Canada Government no longer trusted to help free Canadian jailed in Ethiopia

By Louisa Taylor
The Ottawa Citizen

The cousin of a Canadian being held in an Ethiopian jail says an official from the Department of Foreign Affairs urged him yesterday to keep the case “low-key” because Canada is doing its best behind the scenes to help Bashir Makhtal.

However, following the Iacobucci report on the role of Canadian officials in the torture of three Canadians in Syria, Said Maktal said he no longer trusted what the government was telling him.

“I’m a polite person, I’ve been patient and I’ve had a lot of respect for our government,” said Mr. Maktal, whose cousin has been in an Addis Ababa prison since January 2007. “They keep saying, ‘We’re doing our best.’ But now, reading what our government did to our citizens, that gives me more doubt about what’s really going on.

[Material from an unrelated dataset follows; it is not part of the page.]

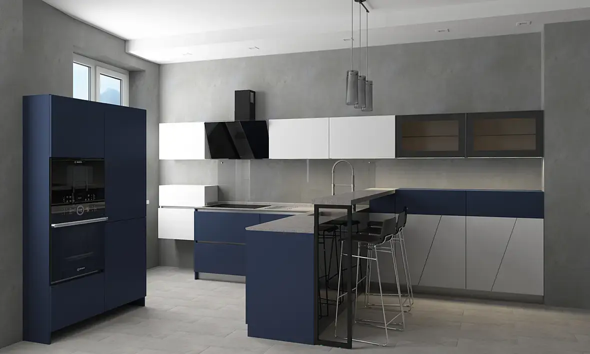 Какая глубина у шкафа для встраиваемой техники? Судя по рендеры она меньше, чем установочная глубина духовки. Да и техника далеко от рабочей зоны. Юзабилити шкафов справа тоже под вопросом, для хранения кухонной посуды типа кастрюль и тд очень далеко от рабочей поверхности, верхняя синяя часть вообще не предназначена для использования. Фасад мдф слева от плиты будет постоянно грязным и быстро придет в негодность. Верхний ящик над мойкой так же неудобен, соответственно посуду для сушки складывать в него не вариант, а значит для нее нет места. Видимо не зря проект не подошёл клиентам, функциональность этой кухни под большим вопросом.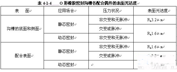 因?yàn)镺形橡膠密封圈是安裝在各種溝槽中使用,現(xiàn)將安裝溝槽情況列于表4-1-3。

“I’m not going to be low-key anymore.”

Bashir Makhtal is ethnically Somali, born in the Ogaden region of Ethiopia. He came to Canada as a refugee and became a citizen in 1994. After training as a computer programmer, he worked for a Toronto bank. In 2001, he left for the Horn of Africa region to start a business trading used clothes in Somalia, Djibouti and Kenya.

Mr. Makhtal was in Mogadishu when Ethiopia invaded in late 2006, and he joined thousands of others in fleeing to Kenya to avoid the fighting. He and dozens of other foreign nationals were arrested at the border by Kenyan police, held in a Nairobi prison and eventually flown illegally to Ethiopia, where they were imprisoned.

According to Human Rights Watch, many of them were interrogated by FBI and CIA agents. There have been reports of beatings and torture by Ethiopian officials, and Bashir Makhtal has been held in solitary confinement since at least the summer of 2007.

Ethiopia at first denied Mr. Makhtal was in its custody, but finally admitted holding him in April 2007. It has variously accused the Canadian of being a financier for the Islamic Courts, a fundamentalist group in Somalia, or a liberation fighter for the Ogaden National Liberation Front, which was founded by his grandfather. The Ethiopians consider the ONLF a terrorist organization, while Canada does not.

No evidence has been presented for either charge, nor has Mr. Makhtal been allowed to see a lawyer throughout his 22-month incarceration. Canadian diplomats were allowed to visit him for the first time in July, but Ethiopian authorities have denied all subsequent requests for consular visits.

Human Rights Watch says Mr. Makhtal and a Kenyan national are the only remaining foreigners from the 2007 renditions known to be detained, though 22 others are not accounted for. The governments of 16 other countries secured the release of their citizens, some within weeks of the arrest in Kenya.

“The people at Foreign Affairs, they’re sitting in their offices, doing their paperwork and everything has a procedure,” said Said Maktal, who spells his name differently from his cousin. “But we’re dealing with a country that does not obey international law. What we’re doing is not enough.”

Mr. Maktal says his sources in Ethiopia tell him that Bashir was taken before a military court twice this week and pressured to sign a false confession of terrorist activities. He refused. Bashir managed to send a message through intermediaries, telling Mr. Maktal that the prison was “another world” and that diplomatic efforts at the level of junior officials wouldn’t get him released, or even a fair trial.

“What has to happen is the prime minister has to get involved personally,” Mr. Maktal said. “This is between countries. (Prime Minister) Stephen Harper should pick up the phone.”

Foreign Affairs spokesman Daniel Barbarie was unable to comment on the “low-key” comment by the end of the day yesterday. However, he did say that Canadian officials had made numerous high-level representations to the Ethiopian authorities, including two visits to Ethiopia by Deepak Obhrai, parliamentary secretary to the minister of foreign affairs. The result was one consular visit on July 18, more than 18 months after Mr. Makhtal’s arrest.

“Canadian officials were able to verify Mr Makhtal’s well-being during this visit,” Mr. Barbarie said. “Canadian officials continue to actively engage senior Ethiopian authorities on the issues of ongoing consular access, due process and respect for Mr. Makhtal’s rights.”

Pointing to Bashir’s case and those of Maher Arar, Abdullah Almalki, Ahmad El-Maati and Muayyed Nureddin, Mr. Maktal said the common denominator was that “they’re all Canadians from somewhere else.”

“Are we not important enough, or Canadian enough? I’d like to know: Are there two classes of citizenship in this country?”